Stephanie Kay, nutritionist, believes diets are stupid. She says she believes in self-care, and quality over quantity. She’s written two cookbooks and had her heart set on playing in the WNBA growing up. Kay knows about sports and food and that’s why, when she says, “eating for your health means both your mental health and your physical health,” we listen.
“Focus on the quality of the food you’re eating,” Kay says, and mentions that ‘real food,’ anything that’s not processed, will often be more satiating than ‘fast food’ or ‘junk food,’ and thus make portion control much simpler. There’s a reason you can knock off a large popcorn by yourself at the movies, but when was the last time you polished off a bushel of apples? “People can eat multiple bowls of Fruit Loops, but it’s rare to see someone go through a dozen eggs.
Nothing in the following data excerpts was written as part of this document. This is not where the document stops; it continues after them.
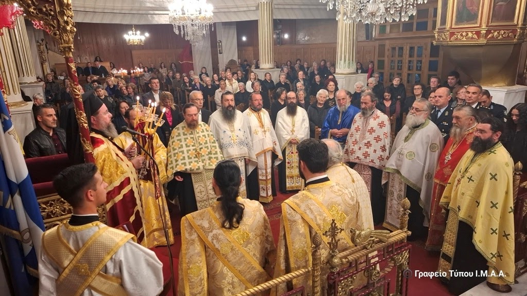 Καλωσορίζουμε τον άγιο Καθηγούμενο στην όμορφη και γραφική πόλη της Αμφιλοχίας και στον ιστορικό αυτό Ιερό Ναό του Αγίου Αθανασίου. Τον ευχαριστούμε θερμά για την άμεση ανταπόκρισή του στο φιλάγιο αίτημα του Προΐσταμένου αυτής της Ενορίας και Αρχιερατικού Επιτρόπου Αμφιλοχίας, του π. Οδυσσέως και του περί αυτόν Εκκλησιαστικού Συμβουλίου, αλλά και για τους κόπους στους οποίους υπεβλήθη για την μεταφορά της Αγίας Κάρας.
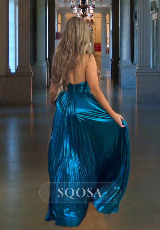Floor Length Prom Dress A-Line Sleevelss Sweetheart High Slit Evening Dress with Pleated
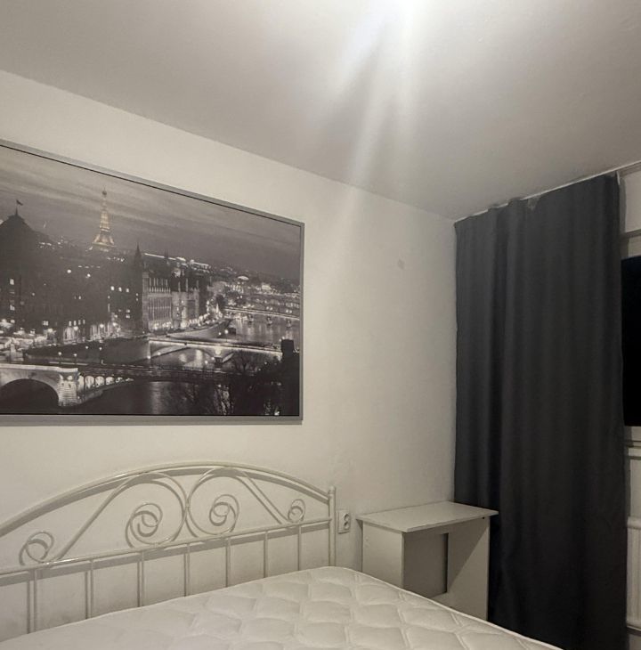 Сдаётся однокомнатная квартира, спальня 11 м², двуспальная кровать, шкаф, большой телевизор со смарт тв. В коридоре своя гардеробная. Кухня 7 м², полностью новая, со всей посудой и техникой.
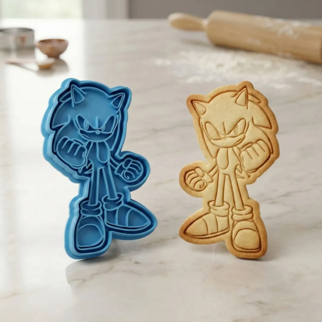 Kit Cortador + Carimbo com pegador traseiro para facilitar o uso. Produzido em PLA biodegradável com acabamento premium para cortes precisos. Perfeito para biscoitos, pasta americana, massinha e artesanato.
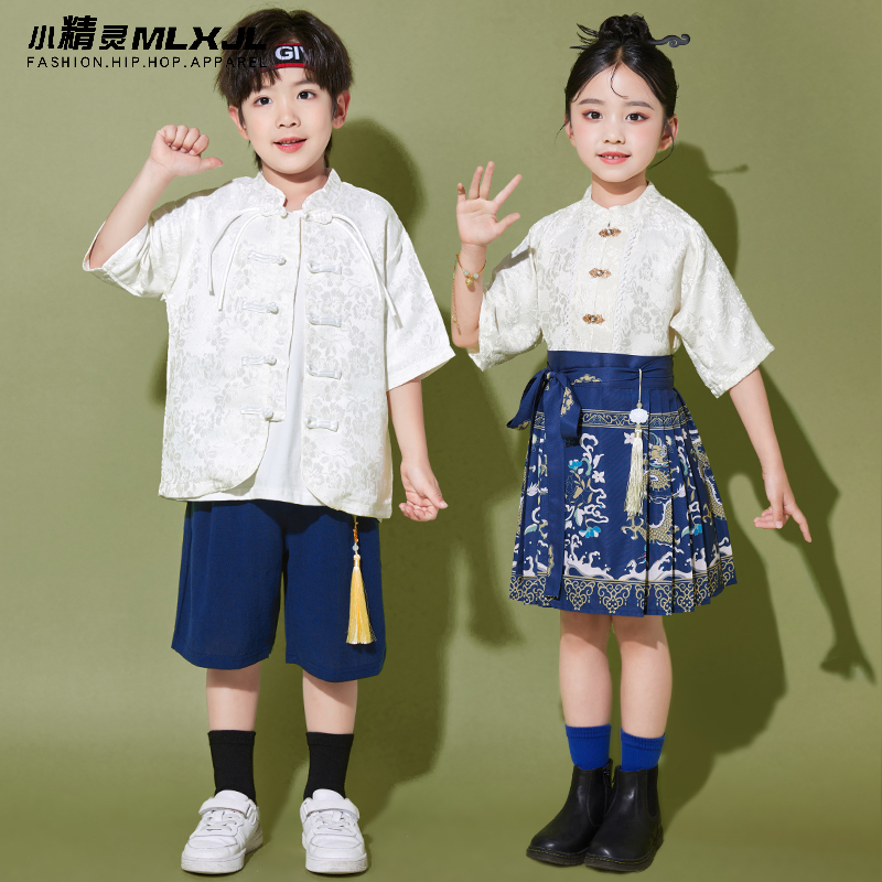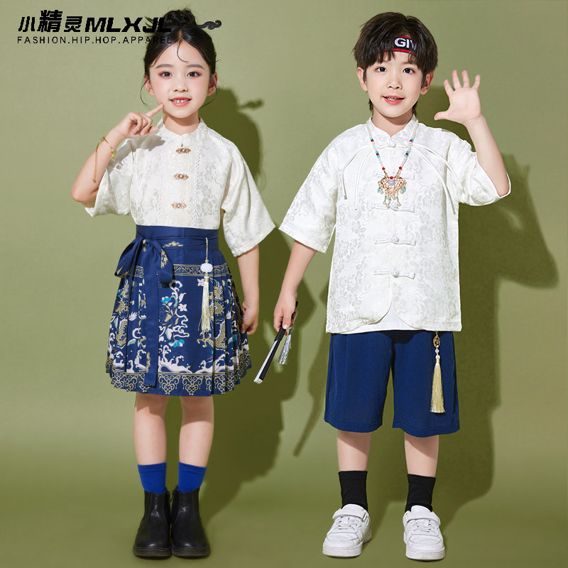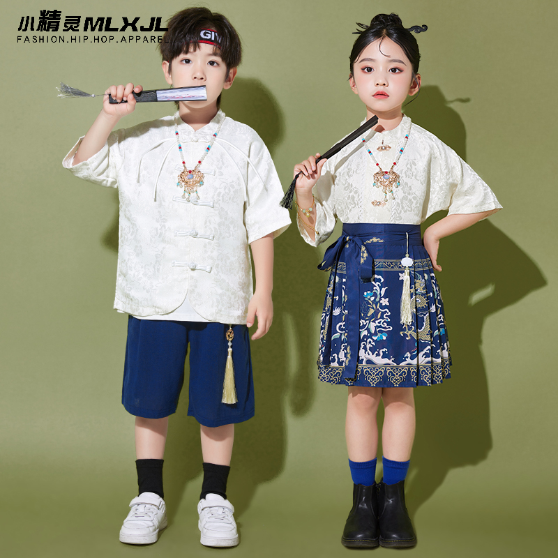 女童马面裙男童汉服套装 六一演出服小学生校服夏季 超仙中国风古装
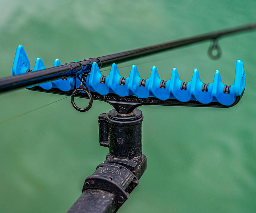 Preston Rod Safe Multi – це інноваційна підставка, яка дозволяє встановити фідерне вудлище в декількох положеннях, при необхідності регулюючи натяг вершинки. У кожній із секцій підставки-гребінки є спеціальна канавка для проходження жилки, яка дозволяє вносити невеликі зміни в натяг квівертипу. Також кожна секція має досить високі стінки, щоб не допустити стягування й падіння вудлища під час потужних клювань. Довжина підставки Preston Rod Safe Multi: 20 см.

If you eat just a little bit smarter, portion control—the number one thing behind weight loss—becomes much more natural when you’re eating peaches or carrots as opposed to Kraft dinners or pop.”
Most of us are creatures of habit when it comes to the grocery store and Kay makes the excellent point that if you tweak your grocery list once, the new foods will become part of your routine. And you don’t have to change what you eat. Just, as the fall race season approaches, make tweaks. “You can still buy yogurt, but try the plain kind and add your own fruit (or maple syrup or honey) as opposed to buying the yogurt with the lemon cheesecake flavour,” she says, and reiterates the same idea around cheese: a slice of real cheddar cheese isn’t unhealthy; a dozen slices of processed American Kraft singles might not be the best choice before a run. “The easiest way to ensure balanced meals is to have a template with your food groups—protein, fiber, carbohydrates and fat.”
A typical breakfast for Stephanie, pictured above, might include oatmeal with milk, Greek yogurt and fruit. She also says an omelette with veggies, toast, avocado, chia seed and a protein powder shake is a healthy, nutritious way to start each day (and a can of tuna with crackers and salad might make a good lunch). “If you can make a template for your meals with different food groups, it will help you feel energized and satiated and keep your blood sugar regulated so you’re not running on fumes,” she says. “The easiest thing to do is look at the ingredients on the foods you’re buying—keep your food as whole as possible, which means: the less ingredients in what you eat, the better off it probably is.”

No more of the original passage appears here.